SEE WHAT NEEDS HEALING, AND DO THE WORK
No one is privy to what's going on inside us like we are. And no one knows the depths of our need for healing. Empathy is real, but actually walking in those shoes is another thing all together. Since they can't actually know the experiences we've had, they also have no access to knowing the work that is required to kick-start the healing.
"The work" for me might be having that hard conversation with my mother. For you, it might be letting go of that awful thing your co-worker said to you yesterday. Our triggers are unique to us, and we know best what will facilitate the most growth. Getting encouragement to do that growth can be super helpful, and if you have a community of folks that do that for you, cherish them. At the end of the day, however, the work itself is ours and ours alone.
That said, going into it with support and a high vibration can make the work that much easier and more successful.
DO A RITUAL
Ritual, in my humble opinion, is the physicality us humans need to feel like we are doing something. Since so much of our manifestation is energetic and intentional, it is only natural to want a physical "doing" to go along with it -- to make it tangibly feel real to us. So go all out! Doing a ritual enhances the energy work and the intention. It increases your belief in yourself and in the power of the work you are doing.

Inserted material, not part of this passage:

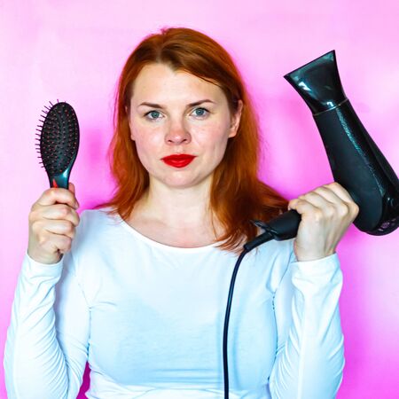 Happy young ginger woman with hair dryer on blue mint background. Hair style beauty concept

Make an altar. Burn candles. Call the corners. Make an herbal tea and sip it while you cast runes, pull cards, journal or create a mind map of what's next for you on this beautiful journey of healing.
PULL SOME CARDS
The tarot is one of my favorite go-to choices for clarity and support, and the cards never disappoint! Whether it's an oracle deck or a tarot deck, the messages that show up when you are seeking are always right on point -- like someone out there is actually paying attention to you and where you're at -- perhaps just a message from your higher self, already a bit further down the path and beckoning you forward with reassurances of all that is coming, all that this is for.

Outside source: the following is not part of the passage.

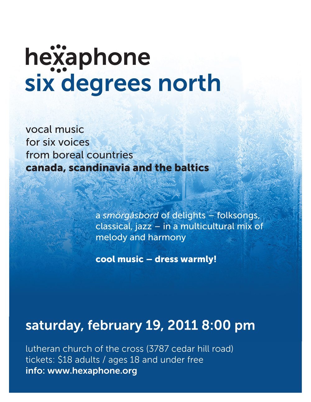 Hexaphone performs “Six Degrees North”  @ Lutheran Church of the Cross Feb 19 2011 - Feb 25th @ Lutheran Church of the Cross

If you aren't sure enough to trust yourself with tarot cards just yet, pull from an oracle deck that spells things out clearly and simply. Or, call an experienced friend or hire a reader you trust.

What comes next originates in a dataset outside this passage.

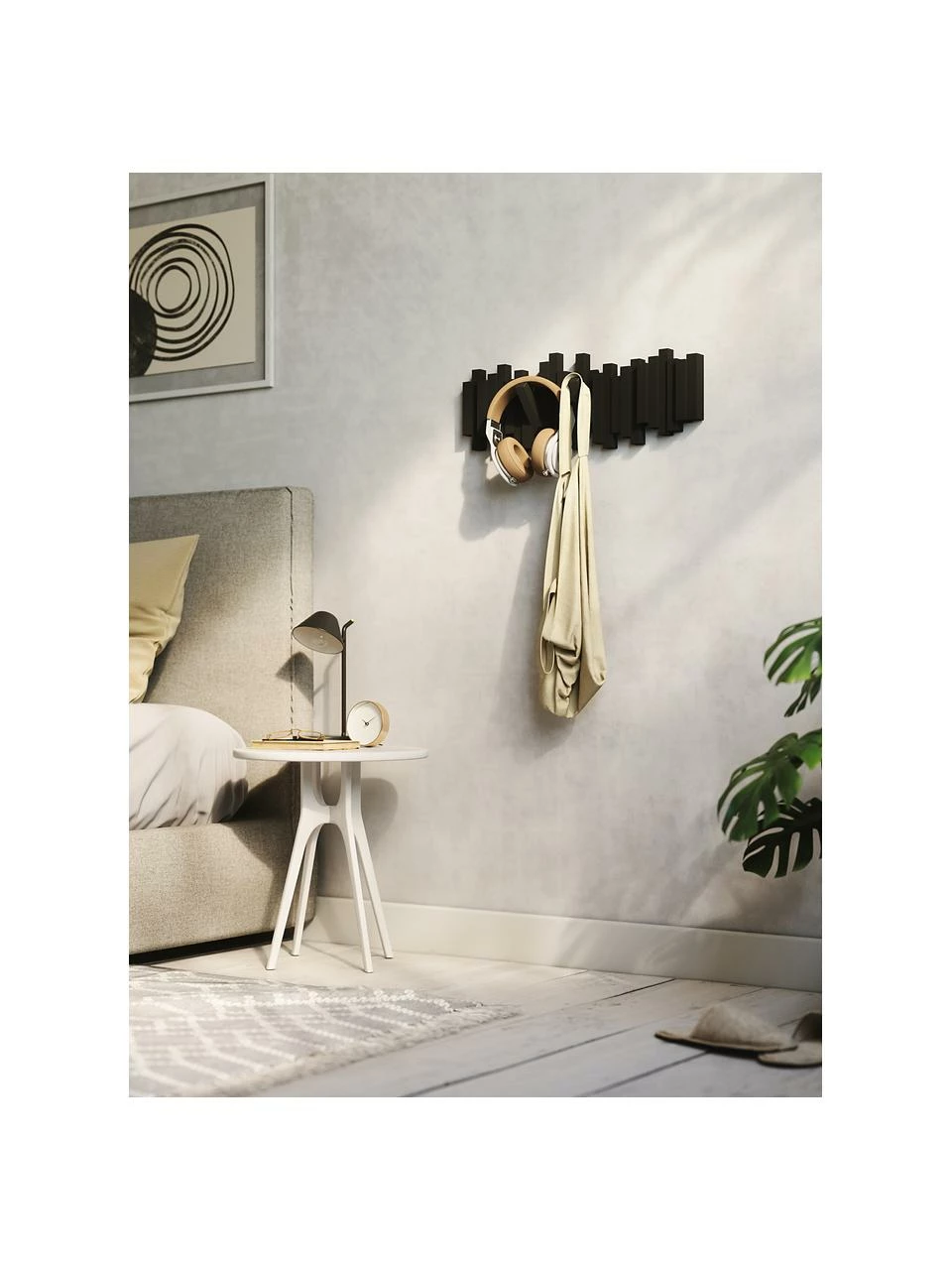 – Porte-manteau mural en plastique, à 5 crochets escamotables

CHOOSE A NEW MANTRA OR AFFIRMATION
Someone once told me that affirmations just set you up for disappointment because you are repeatedly focusing on what isn't, and hoping that it will be. I get this, I do. However, I believe in affirming things, or using a mantra to call forth that which I already know exists.
For instance, I often use "I am" affirmations. They call out things that I am, despite me maybe not feeling like I am in that moment. And you know what? By the end of an "I am" affirmation session I always feel better, and see that I truly AM the things I spent that time calling forth.
There is power in your words. You hear you. Don't underestimate that.
There is also power in seeing the contrast -- where you aren't -- so you can get a clear look at where you want to be and can start paving that road to get there.
Inner work is they key. It is also ongoing. What works for me, may not work for you, or it may work in a different order, or it may work later. It took me until my 40's to be ready to
do this work, but you may be ready in your 20's or 30's or not until your 80's. There is no wrong way to do it. There is no wrong time. There is only the request for self-compassion and grace. Kindness for where you are right now, and the willingness to be open and go with the flow.
For me, the overarching goal is to live my life fully present to my sovereignty, my autonomy, my ability to do, be and have everything I want in this life separate from anything external to me. Outside of the influence of others, their thoughts and opinions. Living my life free from constraint and judgment -- with nothing outside myself.